This is a step-by-step guide that shows how to use Orange to find interesting visualizations of a data set.
After installing Orange (see installation pages), you will find the "Orange Canvas" icon on your desktop and on your Start->Programs->Orange menu. Start Orange by double-clicking the icon.
Orange Canvas provides a visual programming data environment, where the user builds the data analysis schema by combining different analysis components called widgets. In Orange Canvas the widgets are represented with graphical icons, and can be found in different tabs (Data, Classify, ...) according to their function. To use a widget, click on its icon. The widget's instance will then be placed on the canvas. Below is a screenshot of Orange canvas showing the widgets in the Data tab.

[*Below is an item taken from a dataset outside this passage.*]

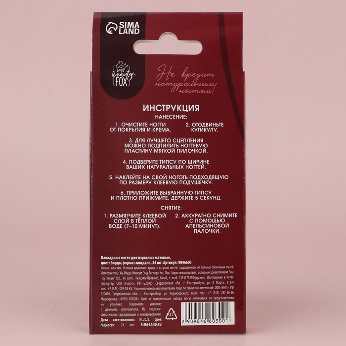 Накладные ногти держатся до двух недель в зависимости от способа крепления и интенсивности воздействия на ногти в процессе носки. Можно использовать клей для накладных ногтей (приобретается отдельно) – это увеличит срок носки. При бережном ношении ногти можно использовать несколько раз.

To find interesting data visualizations from cancer microarray data sets we will only need two widgets: the File widget from the Data tab and the Radviz widget from the Visualize tab. Here are the screenshots of the two widget tabs:
The Data tab with the File widget selected
The Visualize tab with the Radviz widget selected
By clicking on both of the widgets we get the following schema on the canvas:
Notice that beside the icons representing the widgets, each of the icons also has small blue boxes on the left and/or right side. These small boxes represent the channels for widget's inputs and outputs, respectively. We will use the File widget to load the data and send it to the RadViz widget. To establish this communication between our two widgets, click on the File widget's output box (the small blue box on the right side of the File widget) and drag an emerging line to the Radviz widget's input box (the small blue box on the left side of the Radviz widget). After doing this the schema should look like this:
The graphical interface of each widget can be accessed by double-clicking the widget's icon on the canvas. By double-clicking the File and the Radviz widgets we open the following dialogs:
Notice that there is no graph in the Radviz widget. This is because no data has been loaded in the File widget. To do this, press the "..." button in the File widget. This opens a dialog for the input file selection. If we, for example, select the MLL.tab file (you need to have this data on your local disk, download it from here or download any of the other cancer microarray data sets from data sets page). The File widget loads the data set and sends it to the Radviz widget. After receiving the data, the Radviz widget will show a visualization using the first few attributes:
The VizRank dialog
In order to find data visualizations with good class separation for our data we have to open the VizRank dialog. Do this by pressing the "VizRank" button (indicated by the green rectangle in the upper figure).
The Main and Settings tabs of the VizRank dialog.
The Main tab
The Main tab includes controls for starting the projection evaluation and for browsing through the scores of the evaluated projections. After we decide how many features the evaluated projections should contain, we can start the projection search by pressing the "Start Evaluating Projections" button. Each evaluated projection will be automatically added to the list of projections.
The Settings tab
In the Settings tab we can change several parameters that control the projection evaluation.
VizRank Evaluation Settings. Here we can change the parameters of the k-NN algorithm used by VizRank when evaluating the projections.
Measure of Classification Success. Here we decide which method we would like to use to score the projections. We can choose among classification accuracy, Brier score and average probability of correct classification.
Attribute Subset Selection. This parameter defines the selection method for the subset of attributes (genes) that are to be used in an evaluated projection. In all our experiments in the paper we used the option "Use gamma distribution and test all possible placements".
Measures for Attribute Ranking. Here we can decide which method for the initial ranking of features we would like to use. In the paper we used "Signal to noise ratio".
Finding interesting visualizations
To start evaluating different data visualizations we have to press the "Start Evaluating Projections" button in VizRank's Main tab. Evaluated projections showing the score and the list of included features will be added to the sorted list of projections. To see a specific projection simply click it on the list. In the figure below there is the list of the top projections of the MLL data set with the best projection visualized in the Radviz widget.